Esta é mais uma peça que ajuda a decifrar o puzzle da relação entre a obesidade e os riscos de morte e de desenvolvimento de doença mais grave em caso de infeção pelo novo coronavírus.

Já se sabia, por exemplo, que a probabilidade de uma pessoa infetada pelo SARS-CoV-2 terminar no hospital é 113% mais alta caso esta sofra de obesidade, que a probabilidade de ter de ser tratada numa unidade de cuidados intensivos é 74% maior caso seja obesa e que a probabilidade de morrer na sequência da infeção se torna 48% maior.

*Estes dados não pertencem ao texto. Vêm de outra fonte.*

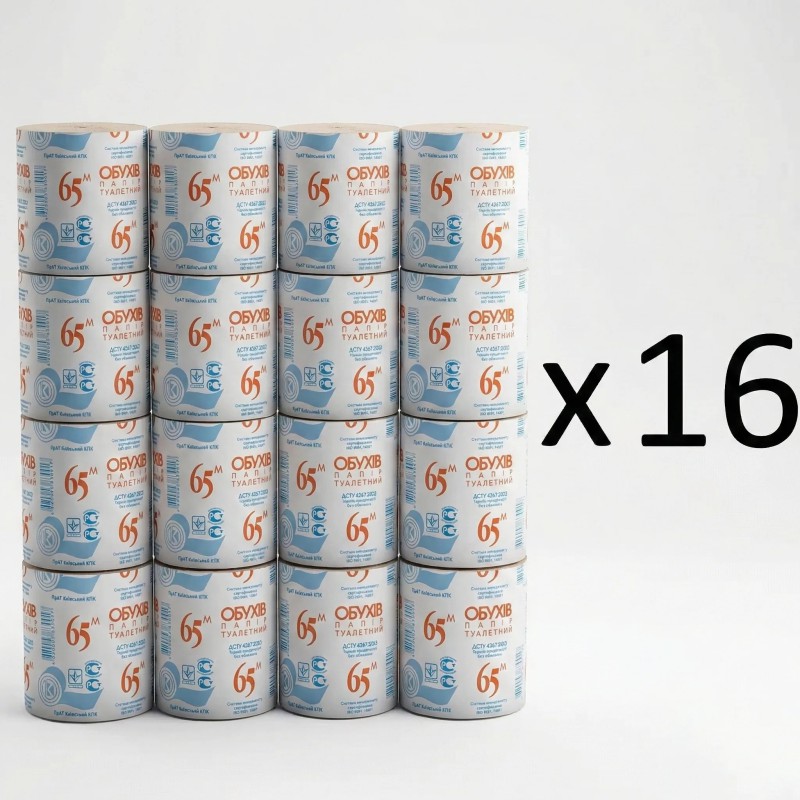 Теги: туалетний папір оптом, папір Обухів, туалетний папір 16 шт, папір 65 метрів, гігієнічний папір, папір для дому, економна упаковка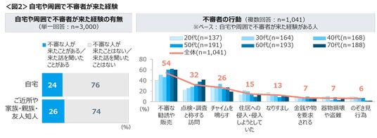 自宅に「不審な人が来たことがある」は24%、ご近所や家族など周囲から、「不審な人が来たことがあると聞いた」は26%。不審者と思われる人の行動は「不審な勧誘や販売」が54%と半数超え、「点検・調査と称する訪問」32%、「チャイムを鳴らす」26%、「住居への侵入・侵入しようとしていた」15%などがあがった。50代~70代の「不審な勧誘や販売」「点検・調査と称する訪問」は高い水準。<図2>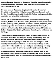 Burnett, James Eugene, 1962 - 2021 James Burnett was born in 1962 in Roanoke to James Thomas Burnett and Bettie Jean Blevins. He married Sharon Burnett. James Burnett died on December 31, 2021, and is buried in Old Dominion Memorial Gardens. He lived in Roanoke.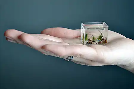 Его размеры вы можете видеть уже на анонсной фотографии. Кстати, в аквариуме содержится всего 10 мл воды - столько же содержится в ампуле с лекарством. Но это полноценный аквариум, с камешками и растениями на дне, с рыбками, которые с удивлением взирают на все происходящее. По-видимому, это мальки рыб, а не взрослые рыбы, но я могу и ошибаться. В продолжении можно найти видео и картинки, которые демонстрируют нам экосистему аквариума в деле.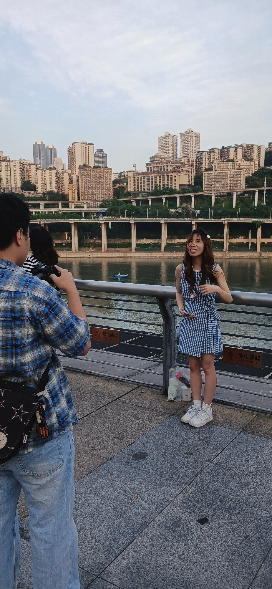 The image depicts a scene in 江北城街道, China, where a person is photographing a young woman posing by a railing. The woman is wearing a blue and white checkered dress and white sneakers. She is smiling a…read more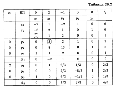Получили задачу линейного программирования, решаем ее симплексным методом (табл. 28.2). Получим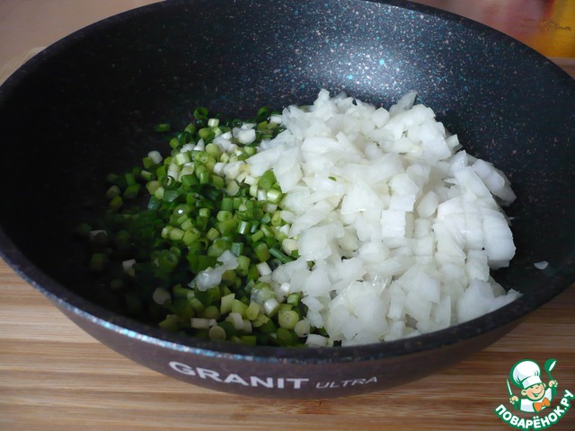 В сковороду ТМ Kukmara Granit Ultra налейте растительное масло, добавьте мелко нарезанный зеленый и репчатый лук.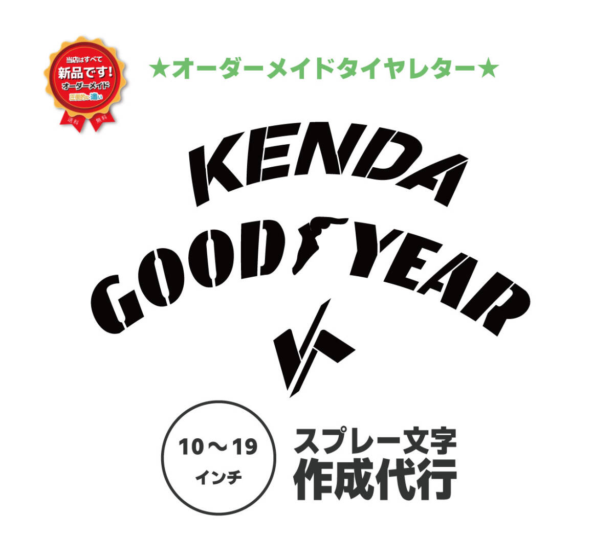 「GOOD YEAR でタイヤサイズが16インチで、文字高さ4cmで作成願います。。」 等

Esta investigação recente, que não foi revista por pares nem publicada por uma revista científica — mas que tem como uma das líderes uma académica do Centro Médico da Universidade de Stanford, Catherine Blish —, “sugere que o tecido adiposo [caracterizado por células adiposas, ou adipócitos, que armazenam gordura”] pode servir como um potencial reservatório para o SARS-CoV-2 e como potenciador de inflamações localizadas e sistémicas, contribuindo possivelmente para doença clínica agravada em indivíduos com obesidade infetados” com o novo coronavírus.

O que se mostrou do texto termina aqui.